Comparison of stress-induced hemolysis in neonatal intravenous catheters: Theoretical and experimental analysis of shear stress,exposure time,and index of hemolysis
Restricted accessResearch articleFirst published online May, 2025
Comparison of stress-induced hemolysis in neonatal intravenous catheters: Theoretical and experimental analysis of shear stress,exposure time,and index of hemolysis
Several studies report hemolysis when packed red blood cells (PRBCs) are transfused through small-inner-diameter (ID) catheters using presence of biomarkers but do not address cause and amount of hemolysis. This study aims to determine the cause and index of hemolysis percent (IH%) when PRBCs are infused through small-ID catheters.
Methods
The IH% was calculated using Giersiepen’s empirical power law, which describes a relationship between hemolysis and magnitude of shear stress and exposure time. Six- and 27-day-old PRBCs were infused through five catheters with IDs of 0.20 mm to 0.70 mm at infusion rates of 3 mL and 10 mL/hour. Shear stress and exposure time were calculated. Data were analyzed as a function of catheter ID, infusion rates, and blood age.
Results
The study demonstrated that shear stress was supraphysiologic during laminar flow in catheters with IDs of 0.20 mm and 0.28 mm.
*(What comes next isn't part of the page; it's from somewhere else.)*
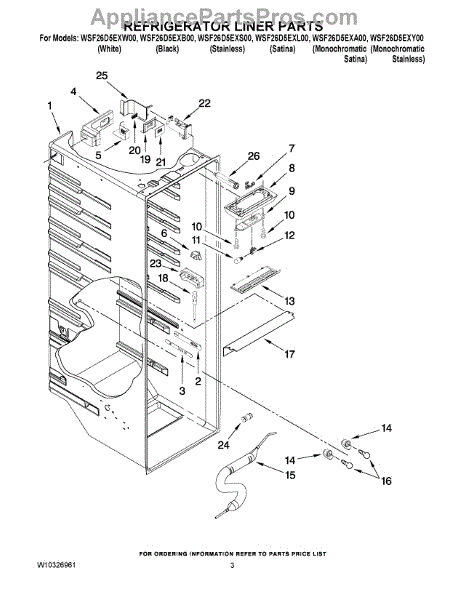Parts for Whirlpool WSF26D5EXL00: 02 - Refrigerator Liner Parts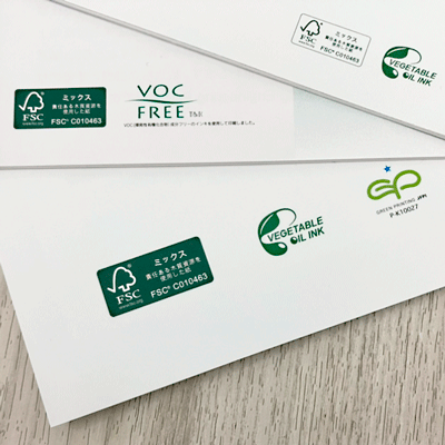 新晃社では、自然環境配慮したインキ・用紙の取り扱いから、FSC®(森林認証)をはじめとする環境配慮した印刷に対応した認証を取得など印刷物に自然環境配慮への活動をPRできるロゴマークつけることができます。お客様のご要望をお伺いして、適切なPR方法をご提案いたします。

These catheters’ IH% were ∼117 times higher at 3 mL/hour and ∼75 times higher at 10 mL/hour than catheters with larger IDs of 0.48 mm, 0.51 mm, and 0.70 mm. For blood age, in catheters with IDs of 0.20 mm and 0.28 mm, IH% was ∼155 times higher at 6 days and ∼76 times higher at 27 days than in catheters with IDs of 0.48 mm, 0.51 mm, and 0.70 mm.
Conclusions
This study demonstrated that when RBCs are subjected to supraphysiologic shear stress in catheters with IDs of ≤0.28 mm, index of hemolysis is greater than in catheters with IDs ≥0.48 mm.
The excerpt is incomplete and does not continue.